The concept of Free Territories does not mean local struggles for "community control" in the traditional sense—battles which are usually limited to electoral politics and maneuvering for control of funds from the state or federal government. Our struggles will largely ignore or resist outside administration and instead build and defend our own institutions.
Nor does the concept mean withdrawal into comfortable radical enclaves remote from the rest of America. The Territories should be centers from which a challenge to the whole Establishment is mounted.

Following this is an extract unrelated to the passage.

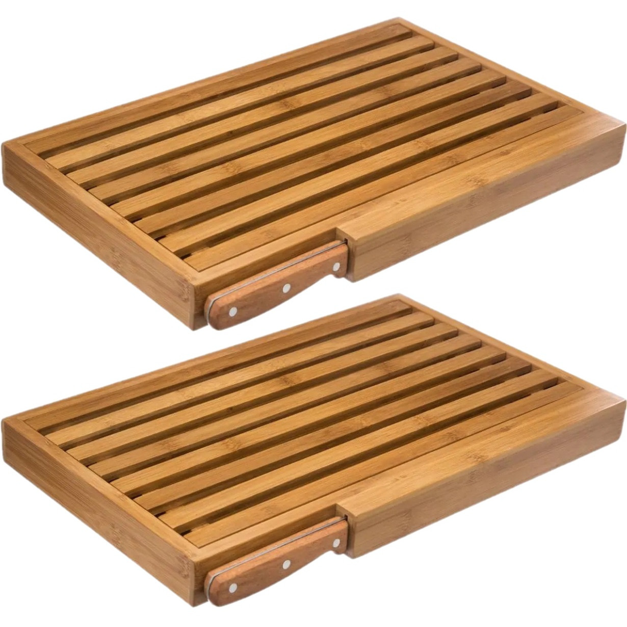 Brood snijplank – 2x – met kruimel opvangbak – 44 x 27 cm – bamboe hout – inclusief broodmes

Such Free Territories would have four common points of identity:
First, they will be utopian centers of new cultural experiment. "All Power to the Imagination" has real meaning for people experiencing the breakdown of our decadent culture. In the Territories all traditional social relations—starting with the oppression of women—would be overturned. The nuclear family would be replaced by a mixture of communes, extended families, children's centers, and new schools. Women would have their own communes and organizations. Work would be redefined as a task done for the community and controlled by the workers and people affected. Drugs would be commonly used as a means of deepening self-awareness. Urban structures would be destroyed, to be replaced with parks, closed streets, expanded backyards inside blocks, and a village atmosphere in general would be encouraged. Education would be reorganized along revolutionary lines, with children really participating. Music and art would be freed from commercial control and widely performed in the community. At all levels the goal would be to eliminate egoism, competition, and aggression from our personalities.

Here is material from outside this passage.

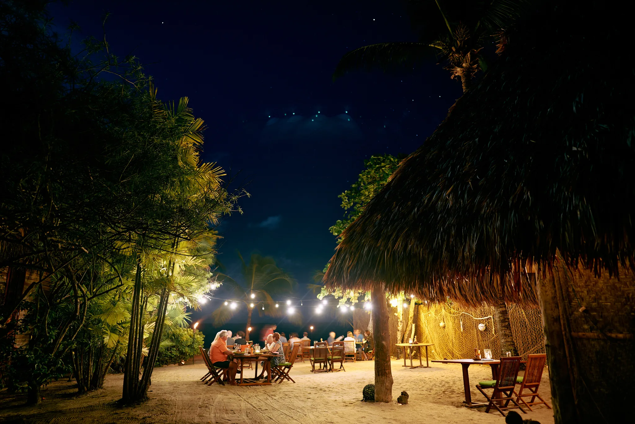 Our beachfront restaurant features fresh, charcoal-grilled seafood including lobster, jumbo shrimp, and snapper all served on woven plates accompanied by a choice of Balinese-inspired sauces and spices. Tables are set just a few feet from the sea, affording fantastic views of the offshore cayes (tiny islands) and starry night sky. The sandy-floored bar and lounge also offers an excellent selection of Belize-brewed beer, wine, and cocktails.

Second, the Territories will be internationalist. Cultural experiment without internationalism is privilege; internationalism without cultural revolution is false consciousness. People in our Territories would act as citizens of an international community, an obstructive force inside imperialism. Solidarity committees to aid all Third World struggles would be in constant motion. Each Territory would see itself as an "international city." The flags, music, and culture of other countries and other liberation movements would permeate the Territory. Travel and "foreign relations" with other nations would be commonplace. All imperialist institutions (universities, draft boards, corporations) in or near the Territory would be under constant siege. An underground railroad would exist to support revolutionary fugitives.
Third, the Territories will be centers of constant confrontation, battlefronts inside the Mother Country. Major institutions such as universities and corporations would be under constant pressure either to shut down or to serve the community. The occupying police would be systematically opposed. Stores would be pressured to transform themselves into community-serving institutions. Tenant unions would seek to break the control of absentee landlords and to transform local housing into communal shelter. There would be continual defiance of tax, draft, and drug laws. Elected officials would serve the community or be challenged by parallel structures of power. Protest campaigns of national importance, such as the anti-war movement, would be initiated from within the Territories. The constant process of confrontation would not only weaken the control of the power structure, but would serve also to create a greater sense of our own identity, our own possibilities.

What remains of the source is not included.